Collection entries

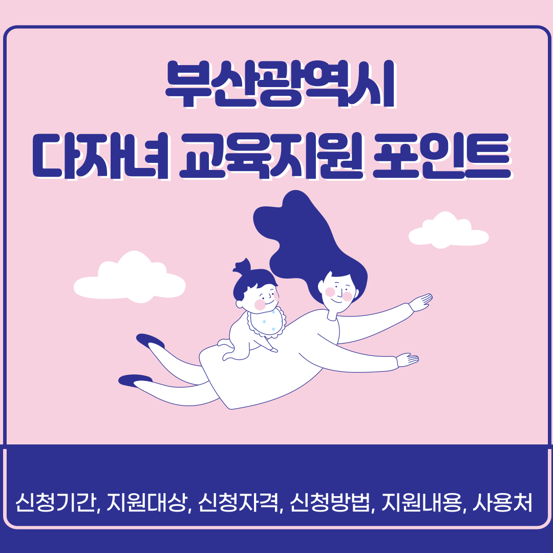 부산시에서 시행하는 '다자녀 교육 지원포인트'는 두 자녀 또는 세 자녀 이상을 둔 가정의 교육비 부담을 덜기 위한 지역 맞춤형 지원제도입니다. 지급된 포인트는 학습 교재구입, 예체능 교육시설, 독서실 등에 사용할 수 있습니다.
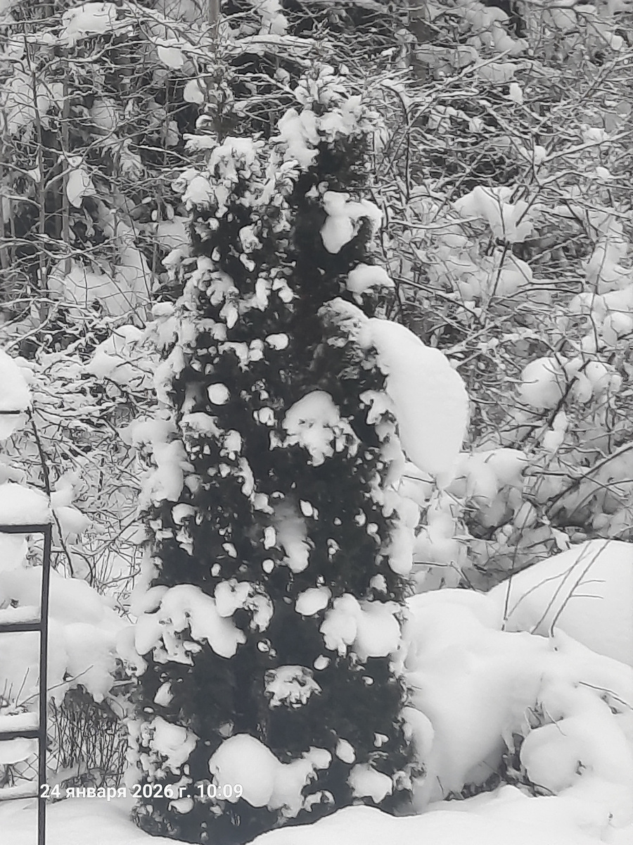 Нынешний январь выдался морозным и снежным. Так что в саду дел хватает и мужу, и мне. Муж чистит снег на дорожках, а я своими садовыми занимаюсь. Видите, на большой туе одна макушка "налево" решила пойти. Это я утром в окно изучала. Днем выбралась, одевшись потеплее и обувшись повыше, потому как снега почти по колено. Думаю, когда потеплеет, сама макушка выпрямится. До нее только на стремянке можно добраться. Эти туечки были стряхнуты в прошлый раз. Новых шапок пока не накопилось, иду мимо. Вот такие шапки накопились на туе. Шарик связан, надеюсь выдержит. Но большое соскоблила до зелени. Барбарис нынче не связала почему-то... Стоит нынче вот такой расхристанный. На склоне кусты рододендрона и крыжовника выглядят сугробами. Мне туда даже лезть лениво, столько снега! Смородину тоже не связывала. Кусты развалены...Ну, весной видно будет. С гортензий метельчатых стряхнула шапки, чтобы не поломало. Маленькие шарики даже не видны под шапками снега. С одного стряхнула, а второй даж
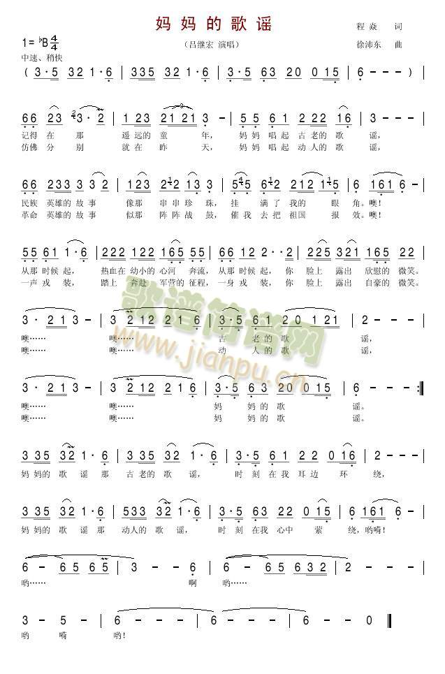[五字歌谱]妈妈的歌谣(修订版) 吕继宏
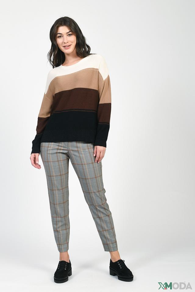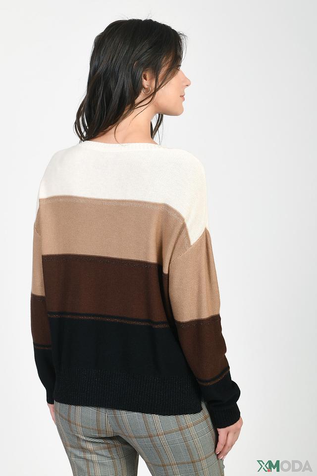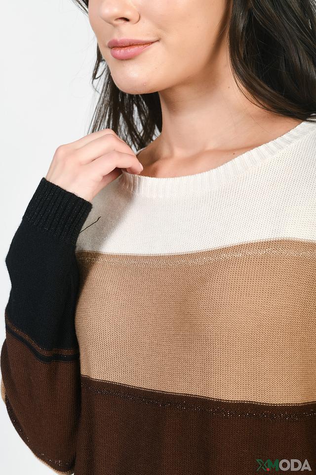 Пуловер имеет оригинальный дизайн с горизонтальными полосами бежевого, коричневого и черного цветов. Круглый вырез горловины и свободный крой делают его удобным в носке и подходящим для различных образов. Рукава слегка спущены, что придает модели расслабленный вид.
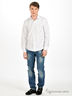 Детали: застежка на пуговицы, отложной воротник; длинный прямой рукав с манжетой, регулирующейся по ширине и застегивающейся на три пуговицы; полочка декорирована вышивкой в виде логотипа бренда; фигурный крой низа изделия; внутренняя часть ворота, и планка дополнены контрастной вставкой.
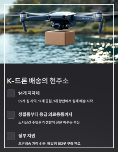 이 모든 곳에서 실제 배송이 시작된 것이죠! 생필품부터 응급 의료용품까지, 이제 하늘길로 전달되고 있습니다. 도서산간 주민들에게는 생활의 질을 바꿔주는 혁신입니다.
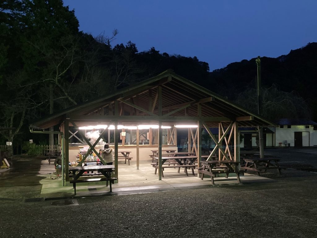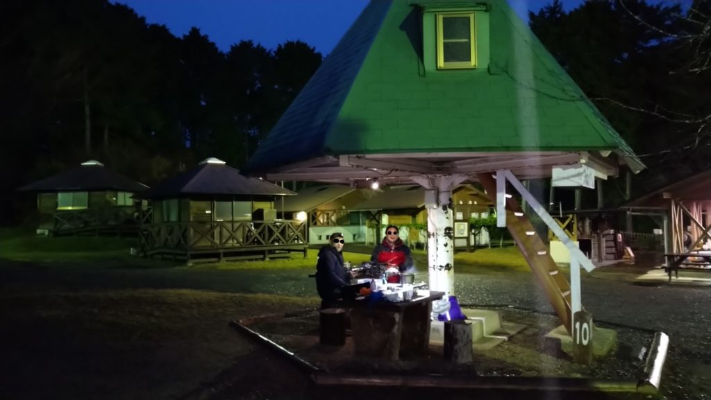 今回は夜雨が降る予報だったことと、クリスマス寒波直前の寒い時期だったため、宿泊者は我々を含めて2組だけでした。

__EXERCISE DESCRIPTION__
The preceding entries are to be written out again exactly, with the pictures removed.

__WRITTEN RESPONSE__
 부산시에서 시행하는 '다자녀 교육 지원포인트'는 두 자녀 또는 세 자녀 이상을 둔 가정의 교육비 부담을 덜기 위한 지역 맞춤형 지원제도입니다. 지급된 포인트는 학습 교재구입, 예체능 교육시설, 독서실 등에 사용할 수 있습니다.
 Нынешний январь выдался морозным и снежным. Так что в саду дел хватает и мужу, и мне. Муж чистит снег на дорожках, а я своими садовыми занимаюсь. Видите, на большой туе одна макушка "налево" решила пойти. Это я утром в окно изучала. Днем выбралась, одевшись потеплее и обувшись повыше, потому как снега почти по колено. Думаю, когда потеплеет, сама макушка выпрямится. До нее только на стремянке можно добраться. Эти туечки были стряхнуты в прошлый раз. Новых шапок пока не накопилось, иду мимо. Вот такие шапки накопились на туе. Шарик связан, надеюсь выдержит. Но большое соскоблила до зелени. Барбарис нынче не связала почему-то... Стоит нынче вот такой расхристанный. На склоне кусты рододендрона и крыжовника выглядят сугробами. Мне туда даже лезть лениво, столько снега! Смородину тоже не связывала. Кусты развалены...Ну, весной видно будет. С гортензий метельчатых стряхнула шапки, чтобы не поломало. Маленькие шарики даже не видны под шапками снега. С одного стряхнула, а второй даж
[五字歌谱]妈妈的歌谣(修订版) 吕继宏
 Пуловер имеет оригинальный дизайн с горизонтальными полосами бежевого, коричневого и черного цветов. Круглый вырез горловины и свободный крой делают его удобным в носке и подходящим для различных образов. Рукава слегка спущены, что придает модели расслабленный вид.
 Детали: застежка на пуговицы, отложной воротник; длинный прямой рукав с манжетой, регулирующейся по ширине и застегивающейся на три пуговицы; полочка декорирована вышивкой в виде логотипа бренда; фигурный крой низа изделия; внутренняя часть ворота, и планка дополнены контрастной вставкой.
 이 모든 곳에서 실제 배송이 시작된 것이죠! 생필품부터 응급 의료용품까지, 이제 하늘길로 전달되고 있습니다. 도서산간 주민들에게는 생활의 질을 바꿔주는 혁신입니다.
 今回は夜雨が降る予報だったことと、クリスマス寒波直前の寒い時期だったため、宿泊者は我々を含めて2組だけでした。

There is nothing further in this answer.